Transcribe exactly the lines from the top of the records below through the line that holds "Pearce is a", both included, with no pictures.

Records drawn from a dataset
____
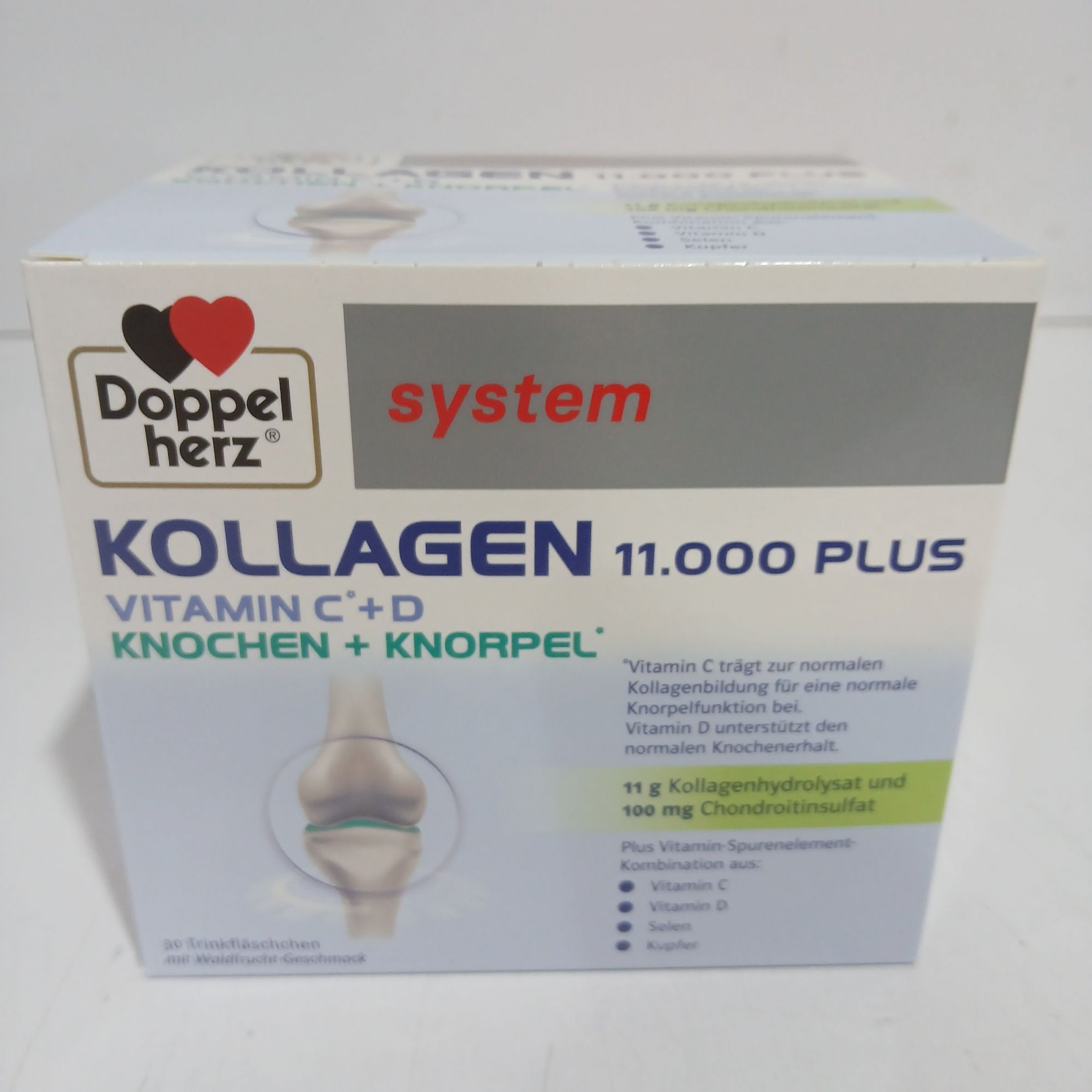 1 Packung Doppel Herz Kollagen 11.000 Plus Vitamin C+D Knochen + Knorpel 30x25ml
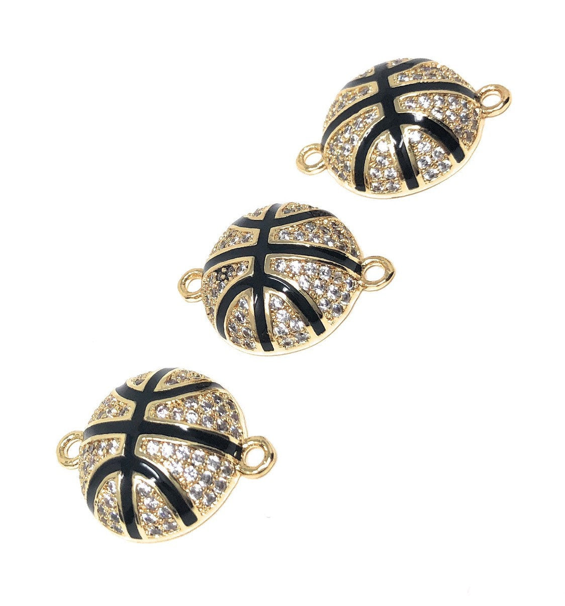 CZ Micro Pave Basketball Charm Connector Link Jewelry Findings for Jewelry Making at Wholesale Price.
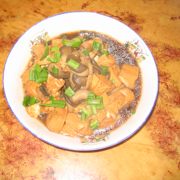 豆腐、肉丁、蚕豆酱、葱、盐、胡椒、淀粉。
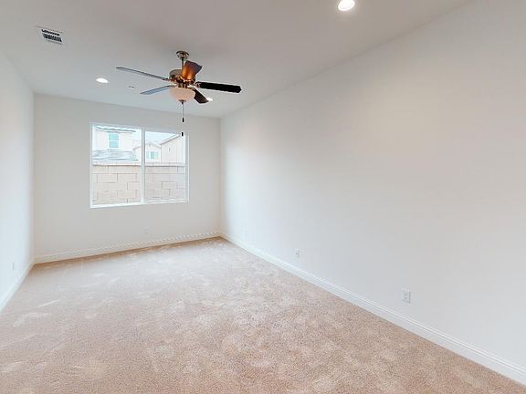 Pearce is a beautiful single-story home with plenty of space for the whole family. Much like the Reston model, the living/dining spaces are open and spacious with a large kitchen island and breakfast bar. It features a centrally located laundry room, two additional bedrooms, and a plenty of closets for storage. The owner's suite comes standard with a large walk-in closet, separate soaking tub and shower, and dual sink vanities.
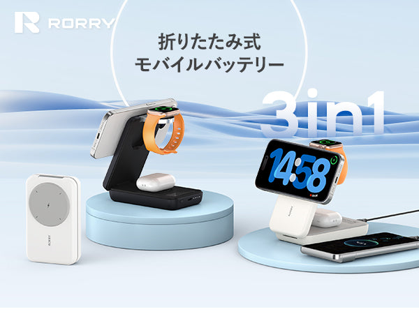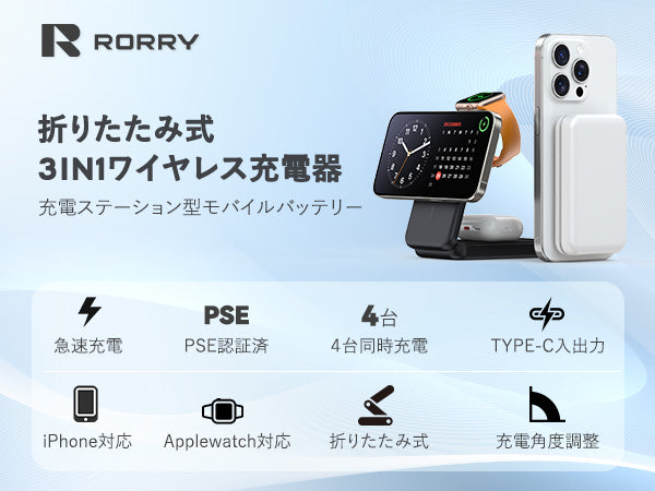- ⭐【3in1ワイヤレス充電器・ステーション】最近では、身の回りのガジェットは全てアップル製品で揃えているという方が多くになりますが、iPhoneやApple Watch、AirPodsを利用していると、充電する際にケーブルが3本必要になり、配線が大変です。これによって、1台デバイスでで3台の充電が同時にできる、3in1ワイヤレス充電器が注目になります!RORRY社の4IN1ワイヤレスモバイルバッテリーはiPhone、AirpodsやApple Watchを同時充電でき、デスク上の配線がスッキリになる一方で、デバイスごとに充電器を変更する手間がありません!そののほか、TYPE-C入出力ポートが搭載されているので、iPhone16/15またはほかのデバイスに2有線で20W急速充電可能です!(ご注意:ワイヤレス充電とケーブル充電を同時に支持できません、優先ケーブル充電)。また、充電器としてだけでなく、充電していない時ステーションとして使えます、自宅やオフィスのデスクへ簡単に立てかけられるため快適に視聴できます。さらに、飛行機や新幹線のテーブルで使う際、わざわざスマホスタンドを持ち歩く手間がかからないので大変便利なワイヤレス充電ステーションです。 .
____
== YOUR SOLUTION ==
 1 Packung Doppel Herz Kollagen 11.000 Plus Vitamin C+D Knochen + Knorpel 30x25ml
 CZ Micro Pave Basketball Charm Connector Link Jewelry Findings for Jewelry Making at Wholesale Price.
 豆腐、肉丁、蚕豆酱、葱、盐、胡椒、淀粉。
 Pearce is a beautiful single-story home with plenty of space for the whole family. Much like the Reston model, the living/dining spaces are open and spacious with a large kitchen island and breakfast bar. It features a centrally located laundry room, two additional bedrooms, and a plenty of closets for storage. The owner's suite comes standard with a large walk-in closet, separate soaking tub and shower, and dual sink vanities.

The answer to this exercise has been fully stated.